El diálogo entre el gobierno y sectores organizados avanza razonablemente bien. Han discutido ideas interesantes, neutralizado peligrosas ocurrencias y creado un entorno propicio para la interlocución entre grupos diversos.
Todo lo anterior es positivo. Sugiere un reflujo hacia la colaboración legislativa, aunque con chispazos irresponsables, una apertura hacia las negociaciones con el Ejecutivo y un compromiso difuso con el futuro del país
¿Celebramos? Al contrario. Debemos sonar la alarma, porque falta lo más urgente, aquello sin lo cual estos y otros avances y caritas felices podrán perder sentido, en medio de un shock tributario, económico, social y político de incalculables consecuencias. Me refiero a la necesidad de un ajuste fiscal razonable, la aprobación de una serie de créditos externos concesionales, la consecuente mejora en el perfil de la deuda pública y la apertura de vías para llegar a un convenio con el Fondo Monetario Internacional.
Todas estas difíciles e impostergables decisiones requieren un acuerdo político inmediato, pero hasta ahora no hay señales, siquiera, de que exista un método para alcanzarlo. Al contrario, caminamos sobre una espiral que nos aleja, en lugar de acercarnos, a los desafíos casi existenciales.

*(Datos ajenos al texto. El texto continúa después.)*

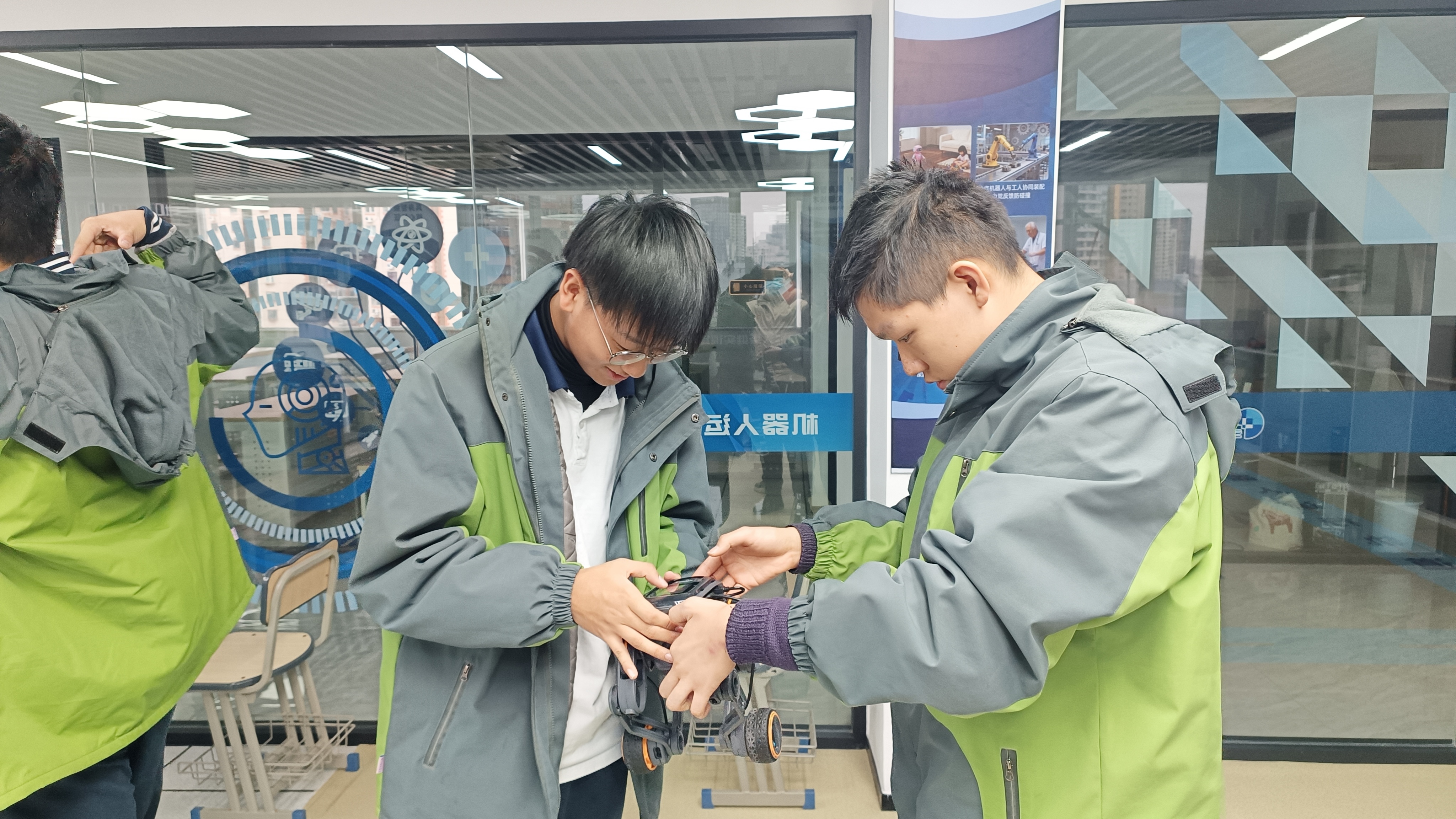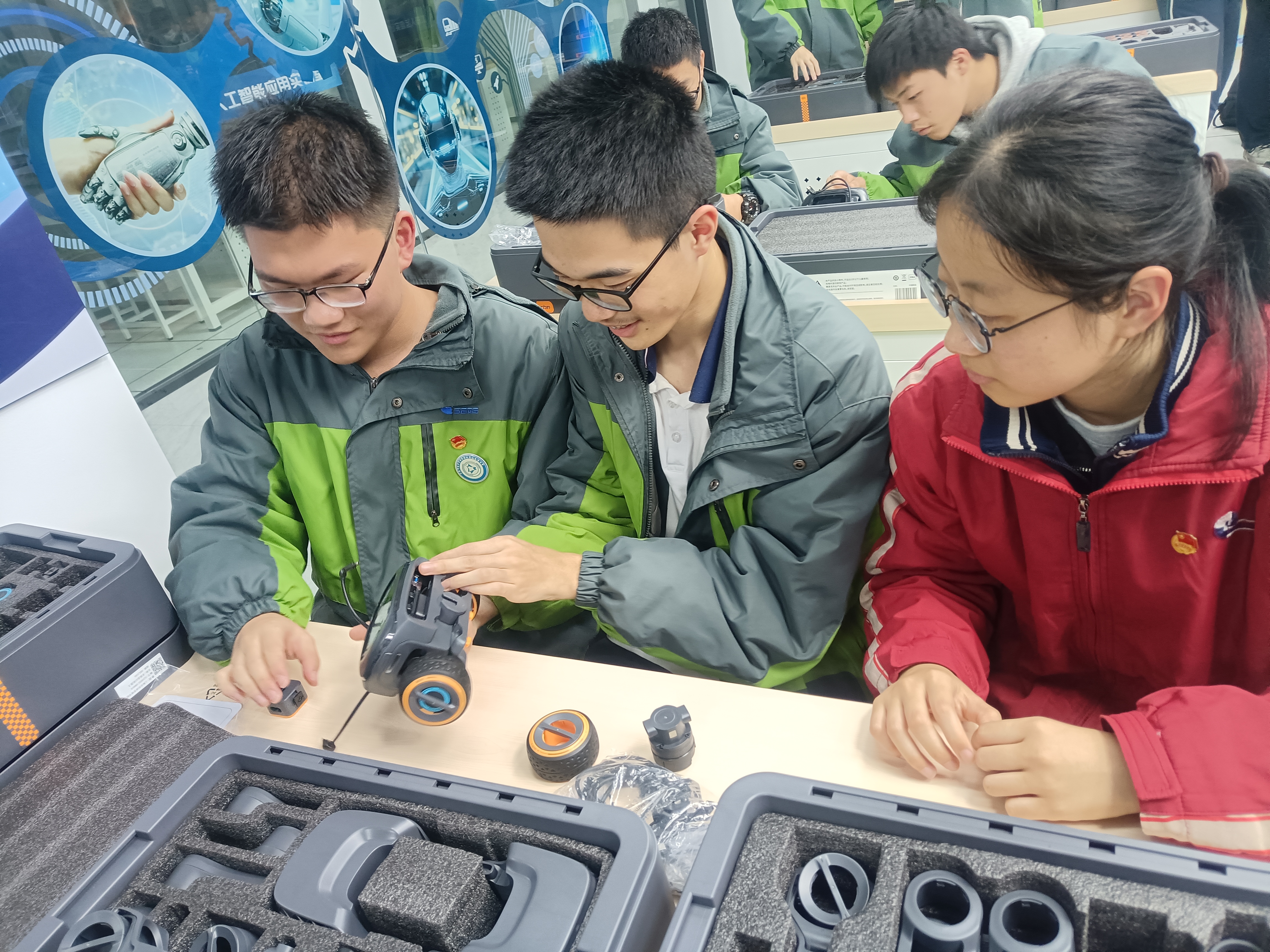 学生们则以小组为单位分工协作,从机械结构组装入手,逐步推进AI编程开发——通过编写路径规划算法、调试语音控制模块、集成图像识别功能,实现机器人自主避障、目标追踪等智能应用。运维实操中,学生们还系统学习了设备校准、故障排查、系统升级等核心技能,不少小组成功完成从机器人组装到AI功能开发、性能测试再到基础运维的全流程实操,实现了“组装能上手、编程能独立、测试能优化、运维能落地”的培训目标。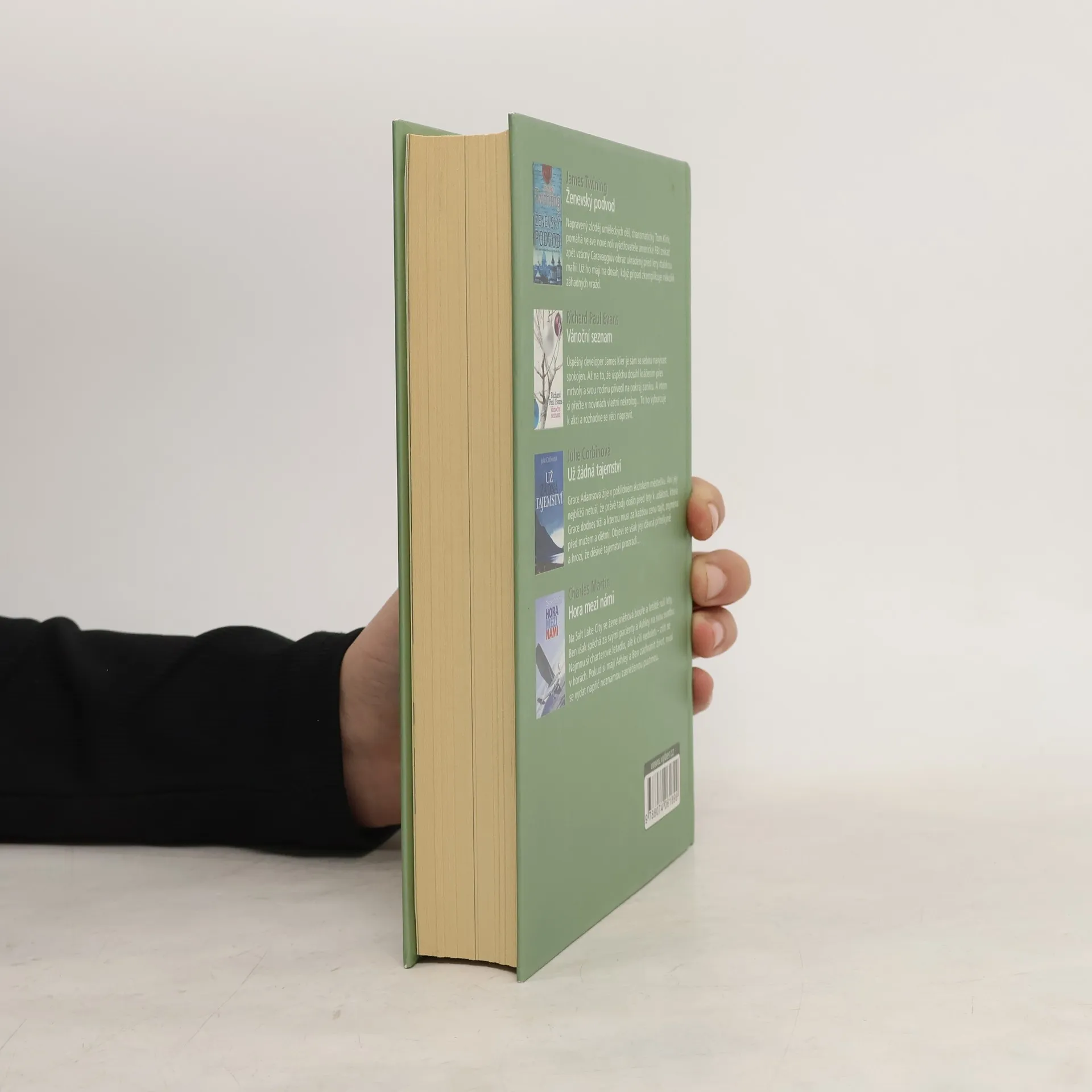 1) James Twining: Ženevský podvod - Napravený zloděj uměleckých děl, charismatický Tom Kirk, pomáhá ve své nové roli vyšetřovatele americké FBI získat zpět vzácný Caravaggiův obraz ukradený před lety italskou mafií. Už ho mají na dosah, když případ zkomplikuje několik záhadných vražd. 2) Richard Paul Evans: Vánoční seznam - Úspěšný developer James Kier je sám se sebou navýsost spokojen. Až na to, že úspěchu dosáhl kráčením přes mrtvoly a svou rodinu přivedl na pokraj zániku. A vtom si přečte v novinách vlastní nekrolog... To ho vyburcuje k akci a rozhodne se věci napravit. 3) Julie Corbinová: Už žádná tajemství - Grace Adamsová žije v poklidném skotském městečku. Ani její nejbližší netuší, že právě tady došlo před lety k události, která Grace dodnes tíží a kterou musí za každou cenu tajit, zejména před mužem a dětmi. Objeví se však její dávná přítelkyně a hrozí, že děsivé tajemství prozradí… 4) Charles Martin: Hora mezi námi - Na Salt Lake City se žene sněhová bouře a letiště ruší lety, Ben však spěchá za pacienty a Ashley na svou svatbu. Najmou si malé letadlo, ale k cíli nedoletí – zřítí se v horách. Pokud si mají Ashley a Ben zachránit život, musí se vydat napříč neznámou zasněženou pustinou.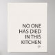 Esta poster de cozinha espirituosa mostra a frase "Ninguém morreu nesta cozinha ainda" em uma fonte preta e acentuou com uma textura canvas. Adicione humor à decoração da sua cozinha!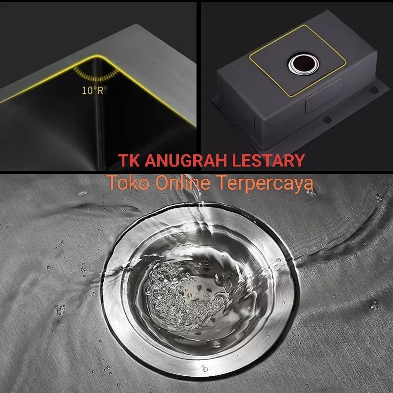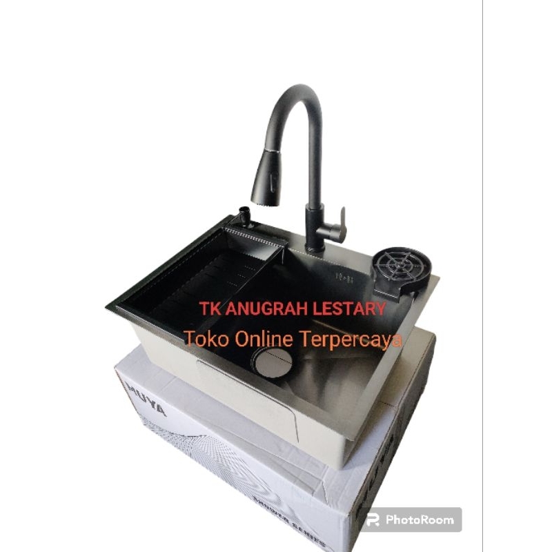 Paket Lengkap Kitchen Sink 6045 BLACK Paket Kran Tarik+Cuci gelas Hitam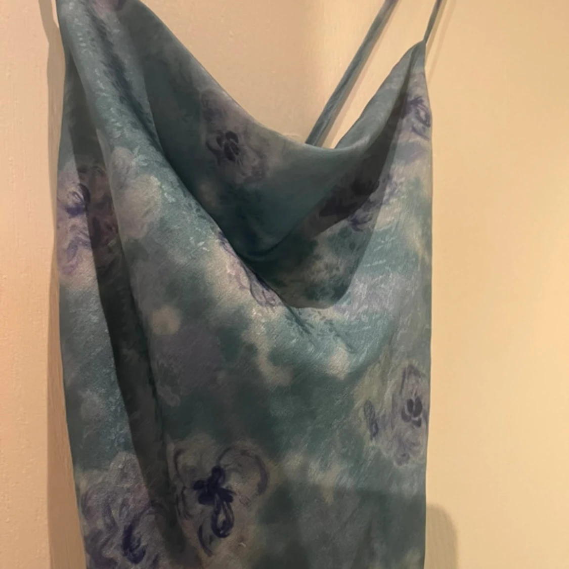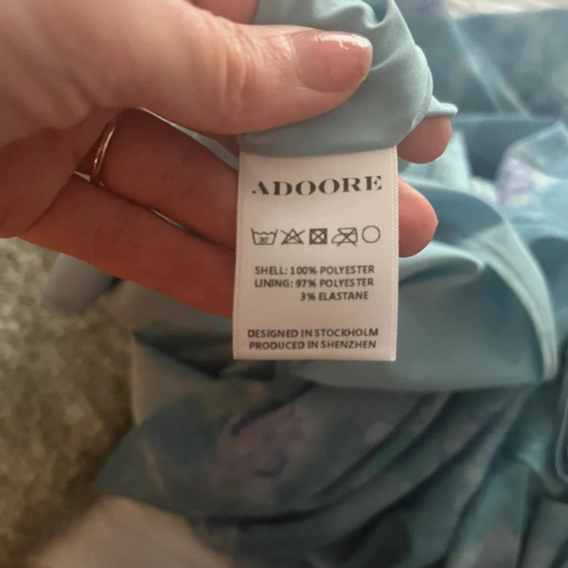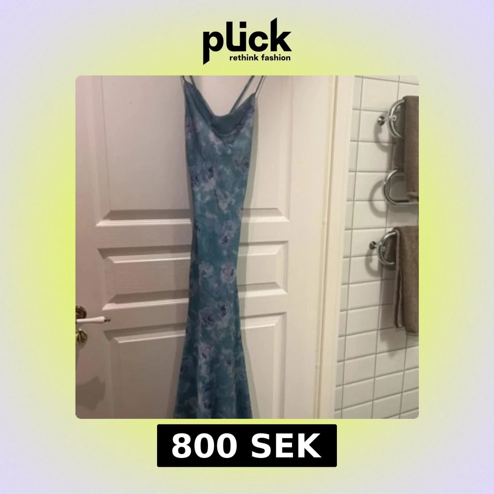 Supersnygg långklänning från Adoore i ljusblått med blommigt mönster. Klänningen har smala axelband, draperad urringning och är figurnära i modellen. Tillverkad i glansig polyester med lite stretch för en skön passform.

En un artículo publicado el lunes en estas páginas, Rodrigo Cubero, presidente del Banco Central, fue lúcidamente claro sobre los enormes riesgos que nos zarandean y lo que debemos hacer para alejarlos. Ni el presidente ni sus ministros ni los diputados parecen entenderlo. Seguimos haciendo planos mientras la casa se incendia. Es un retraso suicida, que troca cualquier optimismo en alarma.